Series review: Meta Thai series 'Lovely Writer' challenges stereotypes, tropes in BL genre

Josiah Antonio, ABS-CBN News

Posted at May 14 2021 05:40 PM | Updated as of May 14 2021 08:19 PM

Series review: Meta Thai series 'Lovely Writer' challenges stereotypes, tropes in BL genre 1
Nubsib (Kao Noppakao, left) plays the piano beside Gene (Up Poompat, right) in the finale episode of the Thai boys' love series "Lovely Writer." Screenshot

This article contains spoilers of "Lovely Writer."

MANILA — The recently concluded Thai series “Lovely Writer” has challenged various tropes and stereotypes in the boys’ love genre with its meta approach.

First aired on the local network Channel 3, the series revolves around the author Gene (Up Poompat) and his journey to finish writing yet another BL novel. 

In his writing process, Gene draws inspiration from actor Nubsib (Kao Noppakao), the protagonist of the TV adaptation of his latest hit novel, “Bad Engineer.”

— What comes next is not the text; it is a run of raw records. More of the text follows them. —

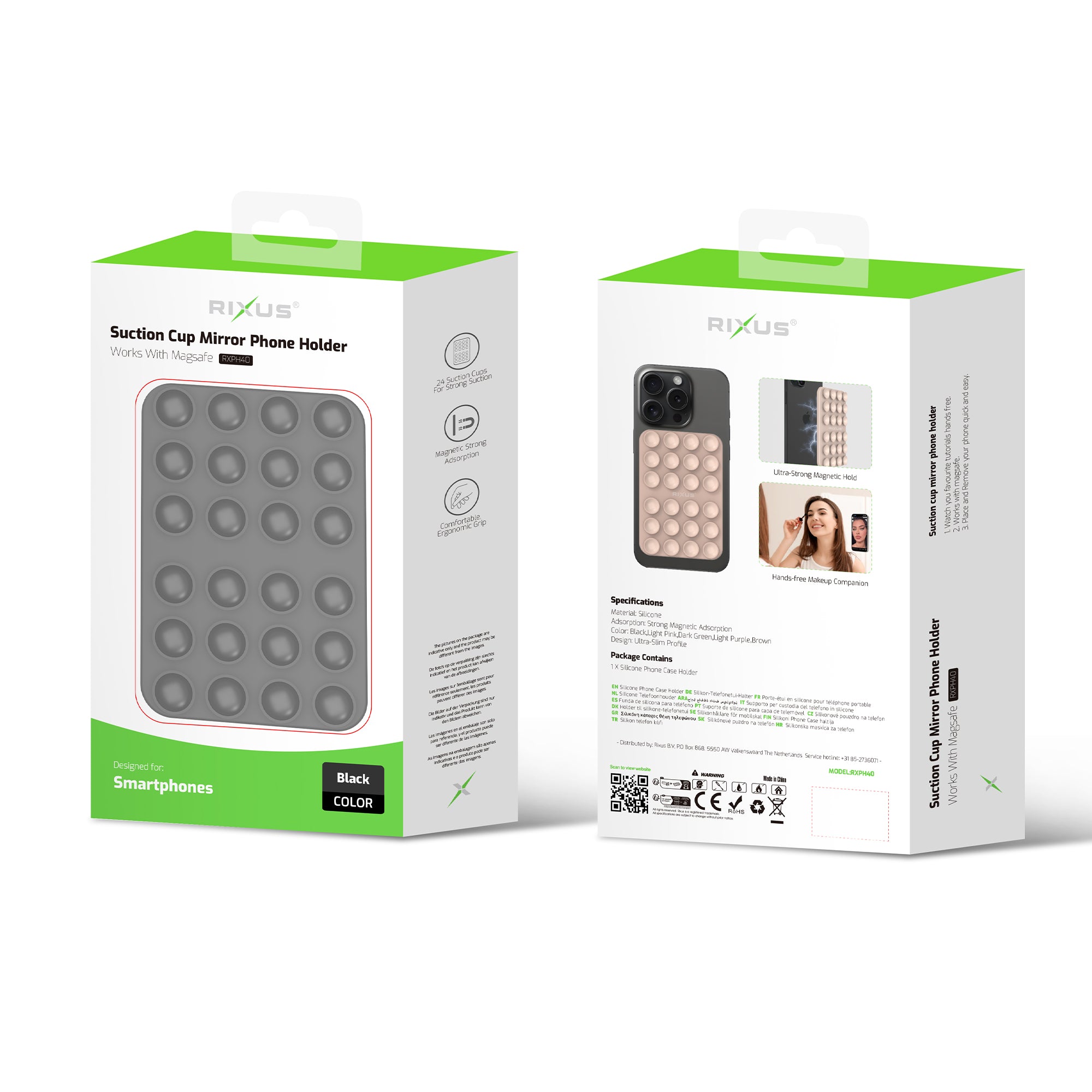 Rixus RXPH40B Suction Cup Mirror Phone Holder Black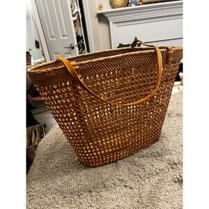 NWT Bembien Women's Brown Raffia Leather Trim Dual Shoulder Straps Tote Bag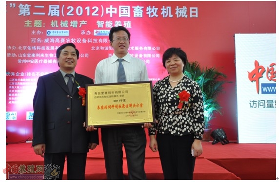 青島愛基自助式冷制粒連鎖模式榮獲“2011年度最佳解決方案獎” ----養殖場飼料制粒最佳解決方案 第十屆(2012)中國畜牧業展覽會于2012年5月18-20日在南京召開。中國畜牧協會在博覽會期間,舉辦首屆畜牧機械行業優秀評選活動,評選2011年中國畜牧機械行業優秀企業與優秀人物,展示當年畜牧機械行業發展的最新成果。 評選活動由中國農業大學畜牧工程學分會、畜牧工程委員會的專家團主持,評選內容包括2011年度畜牧機械行業的十強企業、十大杰出人物、最具影響力企業、最佳解決方案、最具創新力產品。 江蘇牧羊集團、江蘇正昌集團、Big Dutchman等大型企業集團分別獲獎。 外商獨資青島愛基飼料公司研發的自助式冷制粒連鎖模式無可置疑地榮獲“養殖場飼料制粒最佳解決方案”大獎。汪堯春博士代表公司,由中國農業大學畜牧工程學分別會、畜牧工程委員會李保明理事長授予獎牌與獎狀。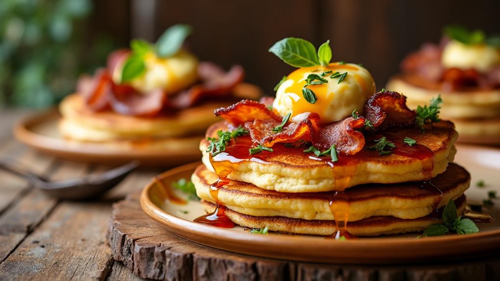 Transform your pancake experience by pairing syrup with savory flavors. Try drizzling maple syrup over bacon for a blissful sweet and salty combo, or improve roasted vegetables like Brussels sprouts and sweet potatoes. Pair sharp cheddar or tangy blue cheese with syrup for an unexpected treat. Sweeten up savory oatmeal with a bit of maple, topped with sautéed greens and a poached egg. For an elegant twist, use maple syrup as a glaze for salmon or chicken dishes. These combinations raise everyday meals into gourmet experiences. Uncover more ways to make your savory dishes standout.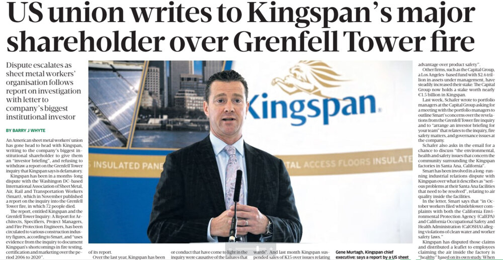 The Post also reports on a row between an American sheet metal workers’ union and Kingspan. The International Association of Sheet Metal, Air, Rail and Transportation Workers (Smart) has refused to withdraw a report on the Grenfell Tower inquiry that Kingspan claims is defamatory.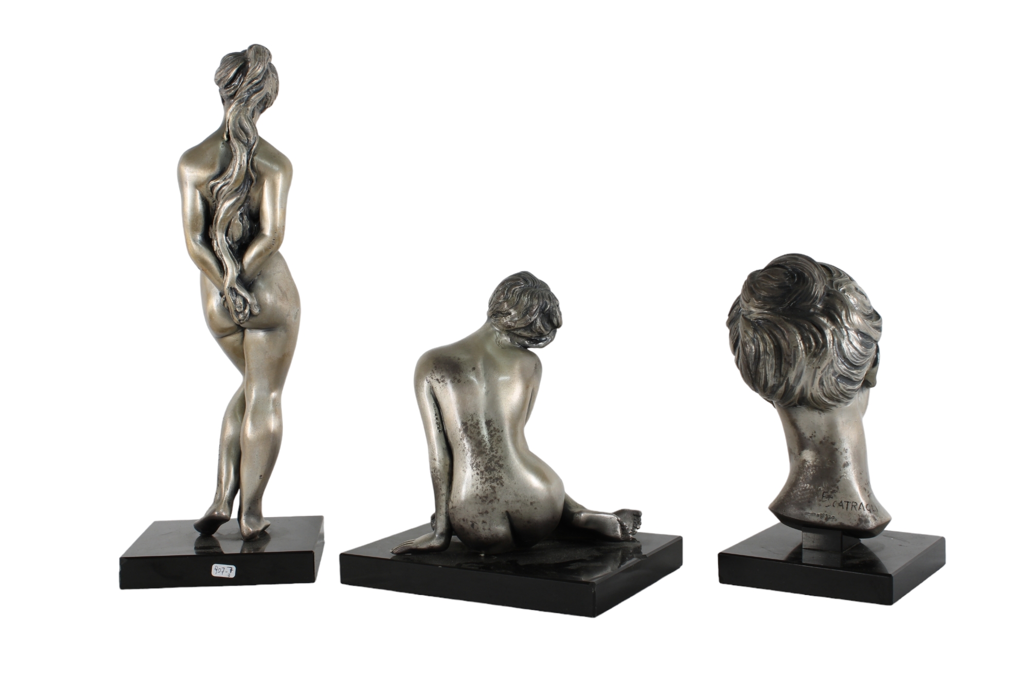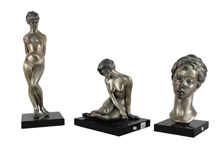 3 SCULTURE in metallo patinato raffiguranti nudi di donna opera dello scultore fiorentino Escatrigli h cm 31 x 7 / h cm 19 x 9 / h cm 17 x 15

Nubsib and Gene’s bond in the production process and glimpses to the past will shed light on how the BL genre has come along, and in what direction should it go moving forward.

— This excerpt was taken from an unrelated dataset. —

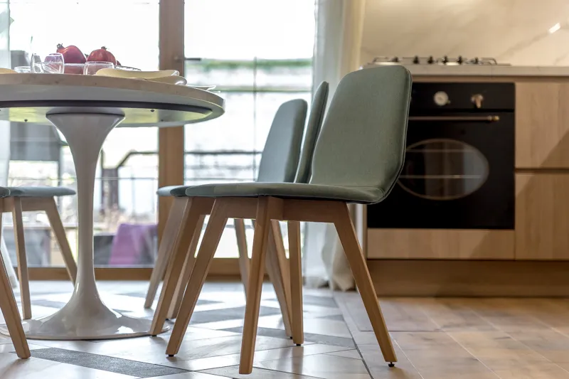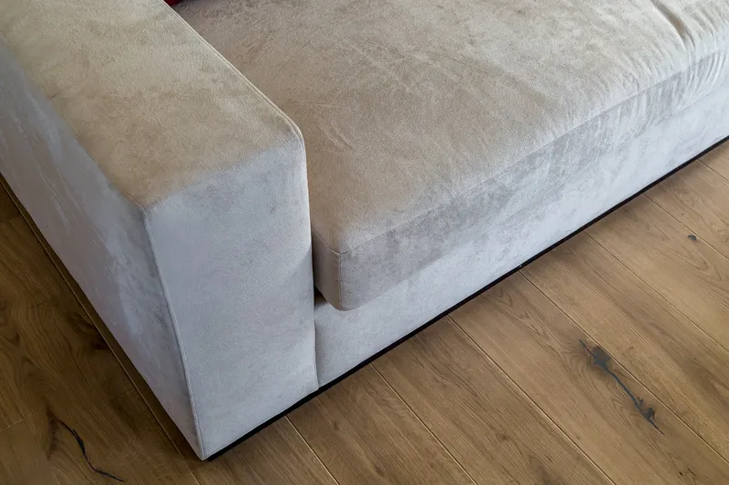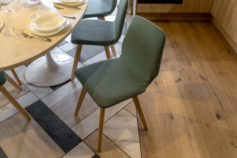 Фасады нижних модулей серии SCALA не оборудованы ручками — для захвата в их конфигурации предусмотрена удобная ступенька. Эти фасады выполнены из ДСП в декоре «Дуб Гладстон» из коллекции «Филвуд», который выглядит максимально реалистично за счёт использования при создании специального пресса: он формирует объёмные текстурные поры, повторяющие рисунок дерева.

It was not afraid to come for all the hit BL series to date with its meta flare and has shown various tropes in the genre, like having engineering characters mimicking series like “Sotus,” gender roles, and even recreating classics like Romeo and Juliet, making it reminiscent to Noppakao’s iconic first sequence in hit BL series "Until We Meet Again" to some fans.

The show has also addressed how gender stereotypes come into play in terms of casting BL roles. It expects certain gender roles of being masculine and dominant, while the latter should be feminine and submissive, even attempting to intervene with Aoey's (Bruce Sirikorn) love life and sexuality. 

However, the main couple’s fluidly has challenged that norm, stressing that gender roles should not be imposed as depicted in the media. 

Bold statements were also made, like how producers tend to overrule the story’s independence with product placements dominantly targeting women. 

For example, both Gene and Nubsib’s parents were giggly with the BL genre, but they were hesitant when they figured out their sons are in a romantic relationship. The former's friend from school was a huge fan of the BL genre, but was not vocal in defending his friend’s sexuality around heterosexual men. 

It has criticized how fans have crossed the line with the personal lives of BL artists. Gene and Nubsib’s relationship went on hiatus as fans have targeted the former through trial by publicity. 

This depicts how the current landscape of the genre is not healthy on both sides. It has brought people to a fantasy where even private matters of the artists are even directed by the public.

The series had a brilliant premise to show how the creative process works through the characters of Gene, Hin (Kenji Wasin), and their boss Bua.

The boss emphasized how nonchalant scenes have become a big factor in making BL a hit, but the series challenged it through caricature. 

However, throughout the writing process, Gene was firm to narrate an anti-thesis to his new novel with his relationship with Nubsib, eventually convincing their boss to do it. 

Gene’s ties with his father, who had a romantic relationship with a guy before meeting his wife, led him to his firm stance and hopes of changing the narrative of queer people in the BL genre.

The series hopes to follow the footsteps of Bua embracing the changes in the genre, and Gene's decisiveness and the queer community to navigate their own story.